[Opening Supplied information section]

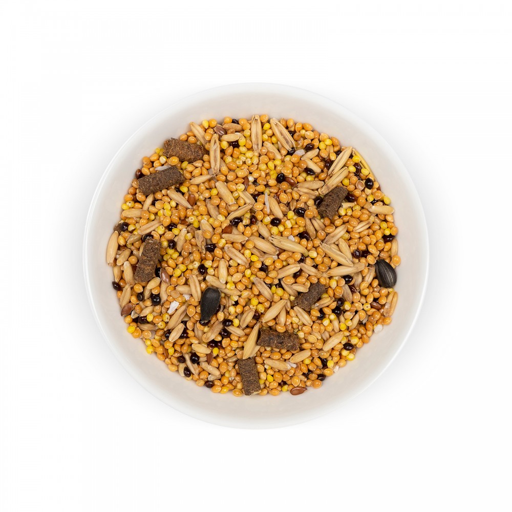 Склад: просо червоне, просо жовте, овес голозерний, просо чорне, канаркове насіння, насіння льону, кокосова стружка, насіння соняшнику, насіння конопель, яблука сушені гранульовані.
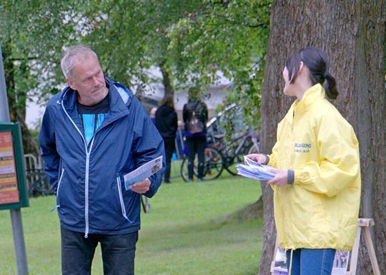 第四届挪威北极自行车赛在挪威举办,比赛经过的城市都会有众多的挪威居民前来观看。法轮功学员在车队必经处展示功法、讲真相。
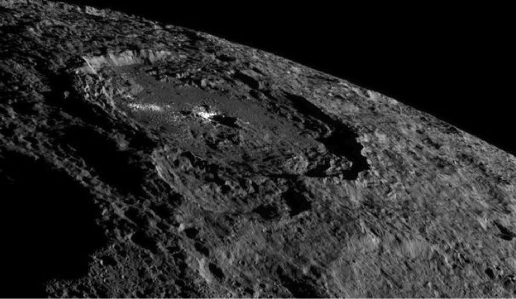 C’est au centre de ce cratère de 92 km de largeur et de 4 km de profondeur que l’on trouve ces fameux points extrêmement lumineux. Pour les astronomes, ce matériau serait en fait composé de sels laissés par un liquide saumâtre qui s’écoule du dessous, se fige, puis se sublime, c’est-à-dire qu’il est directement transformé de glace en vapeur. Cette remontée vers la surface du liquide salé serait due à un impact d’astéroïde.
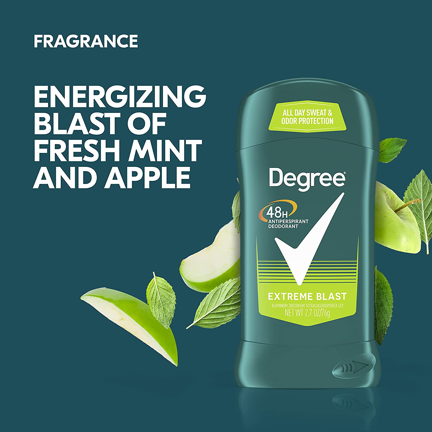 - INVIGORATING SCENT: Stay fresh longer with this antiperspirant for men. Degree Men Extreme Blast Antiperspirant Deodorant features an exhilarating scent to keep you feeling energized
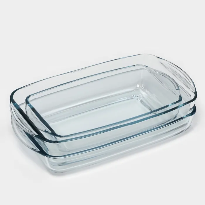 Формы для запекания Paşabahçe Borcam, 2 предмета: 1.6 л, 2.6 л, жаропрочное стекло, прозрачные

[Closing Supplied information section]

Leave nothing out but the pictures when transcribing the records.

◆ **Exercise answer**:
 Склад: просо червоне, просо жовте, овес голозерний, просо чорне, канаркове насіння, насіння льону, кокосова стружка, насіння соняшнику, насіння конопель, яблука сушені гранульовані.
 第四届挪威北极自行车赛在挪威举办,比赛经过的城市都会有众多的挪威居民前来观看。法轮功学员在车队必经处展示功法、讲真相。
 C’est au centre de ce cratère de 92 km de largeur et de 4 km de profondeur que l’on trouve ces fameux points extrêmement lumineux. Pour les astronomes, ce matériau serait en fait composé de sels laissés par un liquide saumâtre qui s’écoule du dessous, se fige, puis se sublime, c’est-à-dire qu’il est directement transformé de glace en vapeur. Cette remontée vers la surface du liquide salé serait due à un impact d’astéroïde.
 - INVIGORATING SCENT: Stay fresh longer with this antiperspirant for men. Degree Men Extreme Blast Antiperspirant Deodorant features an exhilarating scent to keep you feeling energized
 Формы для запекания Paşabahçe Borcam, 2 предмета: 1.6 л, 2.6 л, жаропрочное стекло, прозрачные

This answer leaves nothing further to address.